FA Dick Ingraham & Leland Davis, 1969-03-29
CREATED 
UPDATED 

Description

This route is included in the Leland Davis East Slabs guide as the "Standard Route (Dick's Delight)". If you enjoy long pitches of mostly or completely unprotectable slab climbing on an ocean of immaculate granite, you will also find this route to be a delight. The climb shares pitches 1-3 with the Normal Route, and pitches 5-7 with the Great Bowl/Ingraham Dihedral route. Pitch 4 is a zero-pro slab traverse to connect the two routes. Avoid the route if you hate constantly being >3-4 body lengths above or right of your last piece of gear.

P1 (5.7R, 120ft): Start up slab toward the right-facing corner, placing some gear in it before veering left out onto the slab proper. Once on the slab, look directly above for a good bolt, ignoring the old 1/4" to the left. After clipping the good bolt, climb upward toward left-facing flake features. Build a gear anchor in the left flake.

P2 (5.6R, 200ft): Climb up over mostly unprotected slab, taking advantage of any available pro opportunities. Rather than taking to the brushy ledge developing above and right, stay on the slab and go for a cobblestone road-like section. This part is really fun climbing (no pro). End up with a gear anchor in left-facing flake about 10-15ft left of the brushy ledge.

P3 (5.6R, 180ft): Continue up the flake/corner feature in which you built the anchor, then either climb steeper slab directly up or veer slightly right and then back left. At this point you know to take advantage of any/all available gear placements, of which there are a few on this pitch. Build a gear anchor in a right-facing corner/flake system, on a comfy brushy ledge (the "lunch ledge").

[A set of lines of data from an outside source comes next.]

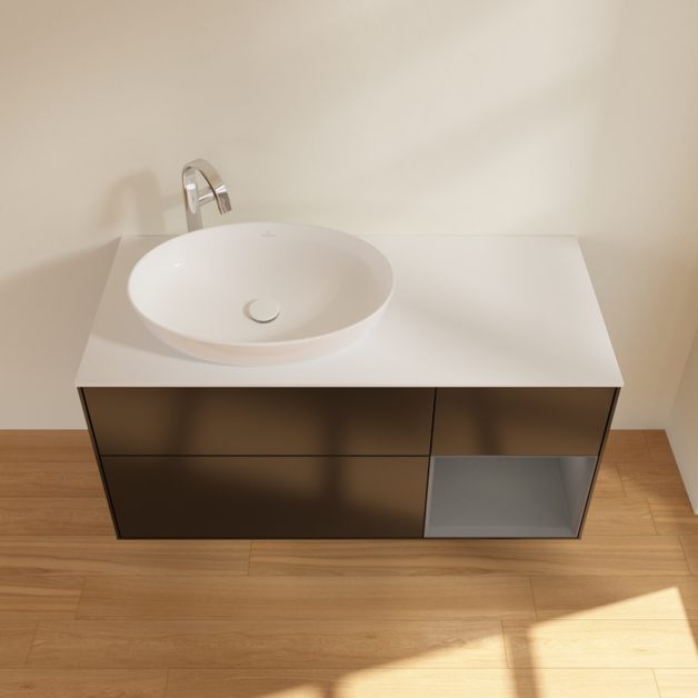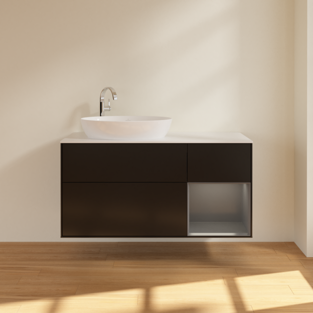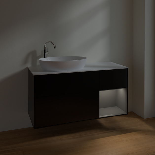 Тумба під раковину Villeroy & Boch Finion 120х50,1 см із підсвічуванням МДФ чорний матовий лак/скло біле матове F931GKPD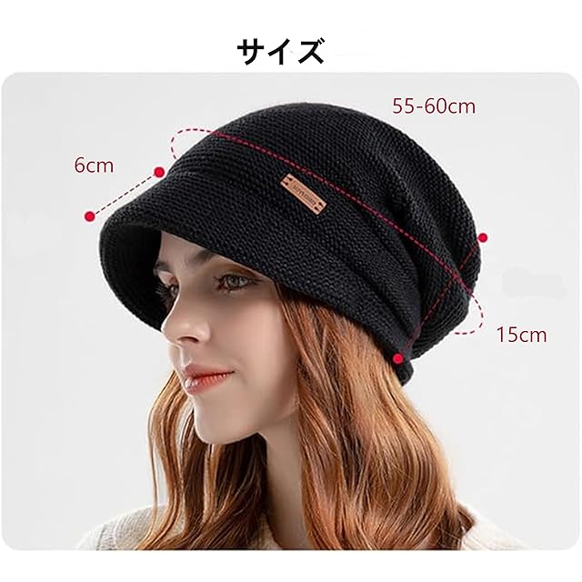 【定番なつば付きニット帽】定番なつば付きニット帽として、帽子の前面部分のは小さなつばデザインで、しっかりしたつばとデザイン性で、視界を遮らないと同時に小顔に見せる効果があり、どんな顔型も小顔になれます。長時間つけても窮屈感がなく、ゆったりとつけられるサイズ感。フィット感も抜群。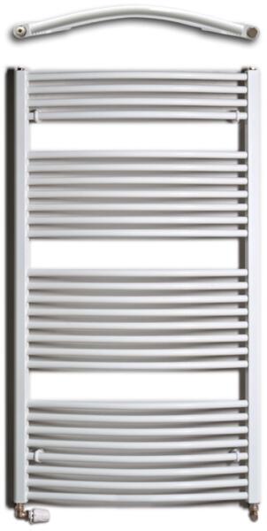 Radeco Sonia íves törülközőszárító radiátor 550x648 mm, fehérA2-500/SL Garancia: 5 év Anyag: acél Súly: 6,2 kg Szélesség: 550 mm Magasság: 648 mm Mélység: 120-140 mm Max. üzemi nyomás: 10 bar Max. üzemi hőmérséklete: 95 fok Kötési távolság: 500 mm Hőteljesítmény: 90/70/20 515W Íves kivitel Alsó csatlakozással, oldalsó bekötés Alapszín: fehér RAL 9016 Tartozé

P4 (5.6R, 120ft): The Normal Route would head upward from here. Instead traverse directly right to the base of Ingraham's Dihedral. No gear is available on this pitch. It starts with some delicate 5.6, but after a while you can literally walk on a surface made of water eroded dimples. Build a gear anchor in the right-facing flakes below the dihedral, utilizing an old fixed piton.

P5 (5.7+R, 200ft): Climb the Ingraham Dihedral, taking advantage of a few small gear placements in the lower half of it. Once it starts getting steeper and you start getting more scared about how far above your last gear you are, traverse left delicately, place a cam or two in a flake feature, and climb the rest of the dihedral on it's left side. End at a relatively new 2-bolt anchor below the roof above.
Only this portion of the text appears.